§ **DATA BLOCK**
——————————

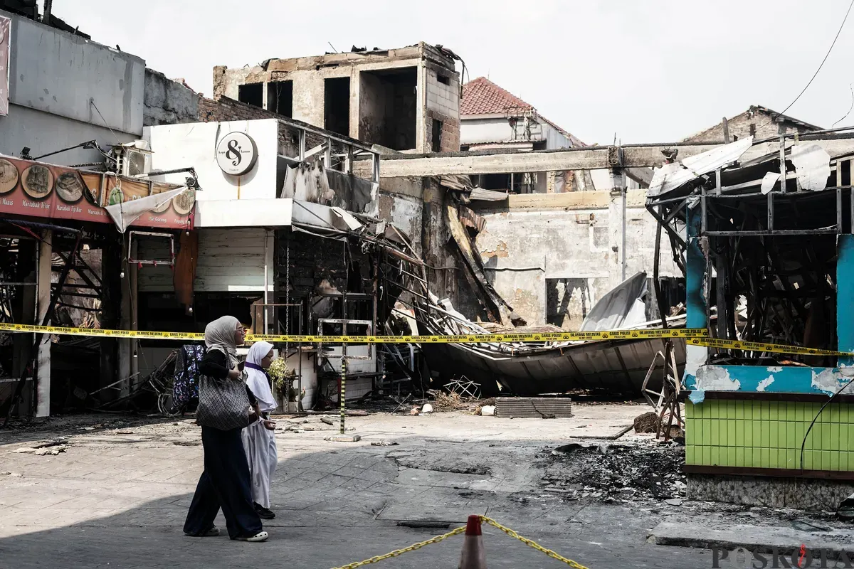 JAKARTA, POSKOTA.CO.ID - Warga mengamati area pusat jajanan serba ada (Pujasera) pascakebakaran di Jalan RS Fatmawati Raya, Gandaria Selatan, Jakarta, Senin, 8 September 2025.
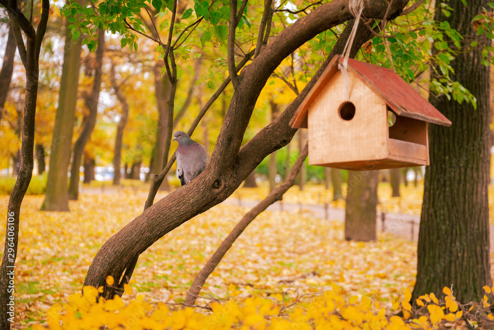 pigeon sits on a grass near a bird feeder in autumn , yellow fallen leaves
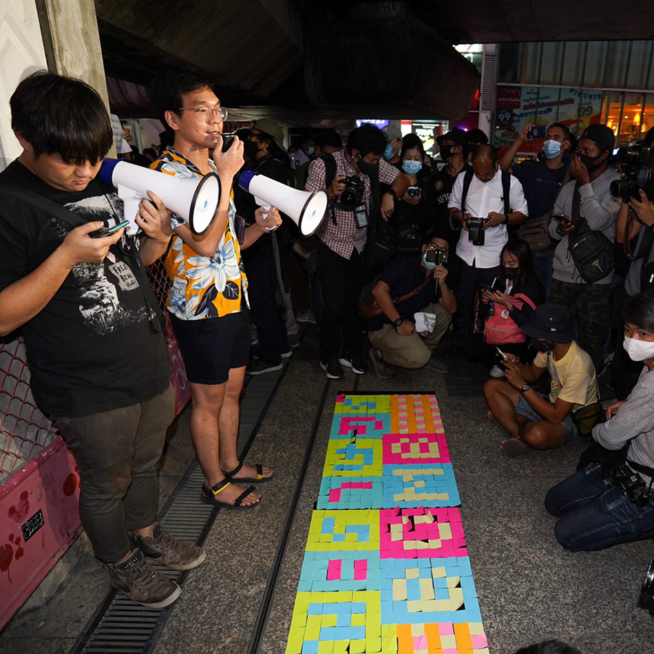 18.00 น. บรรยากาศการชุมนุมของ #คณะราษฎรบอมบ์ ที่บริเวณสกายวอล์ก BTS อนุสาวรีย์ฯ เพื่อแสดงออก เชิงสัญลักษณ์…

——————————

§ **INSTRUCTIONS FOR THE TASK**
Leaving aside the pictures, copy the listing above exactly.

§ **OUTPUT OF THE EXERCISE**
 JAKARTA, POSKOTA.CO.ID - Warga mengamati area pusat jajanan serba ada (Pujasera) pascakebakaran di Jalan RS Fatmawati Raya, Gandaria Selatan, Jakarta, Senin, 8 September 2025.
 pigeon sits on a grass near a bird feeder in autumn , yellow fallen leaves
 18.00 น. บรรยากาศการชุมนุมของ #คณะราษฎรบอมบ์ ที่บริเวณสกายวอล์ก BTS อนุสาวรีย์ฯ เพื่อแสดงออก เชิงสัญลักษณ์…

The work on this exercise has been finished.